■ **Extracted data**:
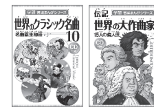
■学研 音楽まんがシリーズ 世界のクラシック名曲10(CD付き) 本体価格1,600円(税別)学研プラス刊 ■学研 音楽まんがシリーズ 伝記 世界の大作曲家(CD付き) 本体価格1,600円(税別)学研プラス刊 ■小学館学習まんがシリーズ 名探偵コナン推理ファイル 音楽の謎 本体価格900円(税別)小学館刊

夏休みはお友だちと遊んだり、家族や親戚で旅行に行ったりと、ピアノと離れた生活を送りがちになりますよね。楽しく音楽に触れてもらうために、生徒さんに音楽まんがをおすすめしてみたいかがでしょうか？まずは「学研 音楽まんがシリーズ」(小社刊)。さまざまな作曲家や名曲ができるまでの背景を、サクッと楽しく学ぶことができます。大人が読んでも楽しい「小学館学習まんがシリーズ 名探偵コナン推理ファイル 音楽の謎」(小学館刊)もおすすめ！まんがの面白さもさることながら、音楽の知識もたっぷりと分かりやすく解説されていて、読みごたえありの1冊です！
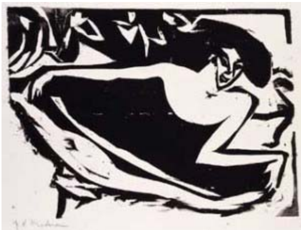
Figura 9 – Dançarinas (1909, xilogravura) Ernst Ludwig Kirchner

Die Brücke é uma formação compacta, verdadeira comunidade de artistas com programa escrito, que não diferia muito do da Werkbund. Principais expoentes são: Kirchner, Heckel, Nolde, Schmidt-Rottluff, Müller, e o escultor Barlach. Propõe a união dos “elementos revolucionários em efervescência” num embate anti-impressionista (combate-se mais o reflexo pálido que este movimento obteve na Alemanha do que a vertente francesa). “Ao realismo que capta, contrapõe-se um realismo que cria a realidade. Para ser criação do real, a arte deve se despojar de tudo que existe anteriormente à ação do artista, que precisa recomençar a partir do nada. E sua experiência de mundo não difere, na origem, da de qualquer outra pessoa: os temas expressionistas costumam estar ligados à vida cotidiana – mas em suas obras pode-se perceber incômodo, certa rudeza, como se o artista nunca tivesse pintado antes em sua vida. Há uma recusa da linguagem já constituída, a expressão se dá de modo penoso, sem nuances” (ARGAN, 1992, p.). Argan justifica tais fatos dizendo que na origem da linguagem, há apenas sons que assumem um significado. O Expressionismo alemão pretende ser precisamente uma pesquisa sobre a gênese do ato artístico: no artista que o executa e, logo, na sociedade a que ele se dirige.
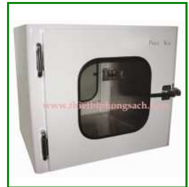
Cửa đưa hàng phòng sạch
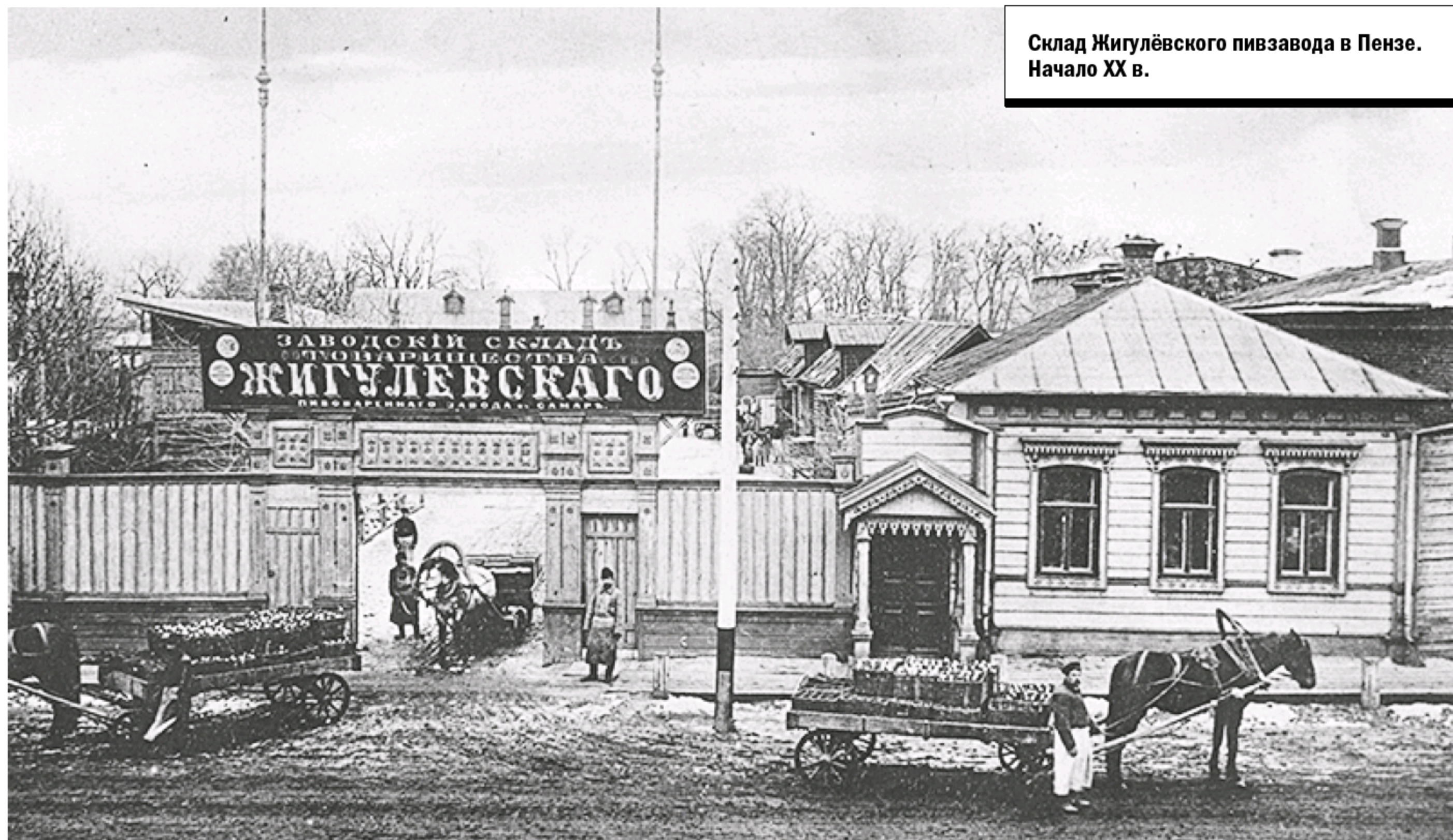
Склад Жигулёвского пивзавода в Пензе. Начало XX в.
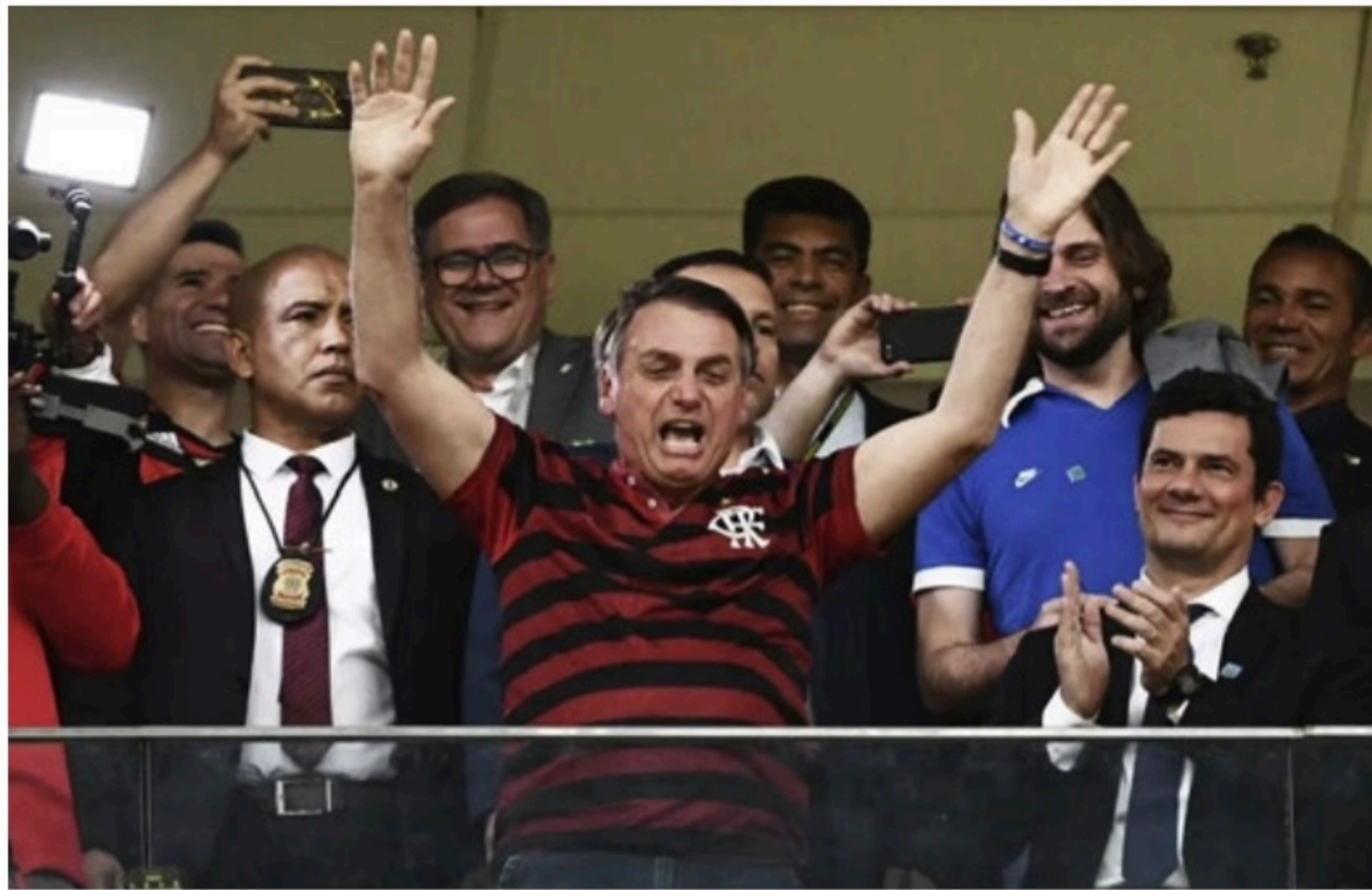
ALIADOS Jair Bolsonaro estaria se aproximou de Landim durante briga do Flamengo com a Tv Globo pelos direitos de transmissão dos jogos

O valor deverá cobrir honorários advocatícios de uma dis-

■ **About this task**: Find out how many lines of the listing above include the word "小学館刊", and give that number alone.

■ **Answer to this exercise**: 2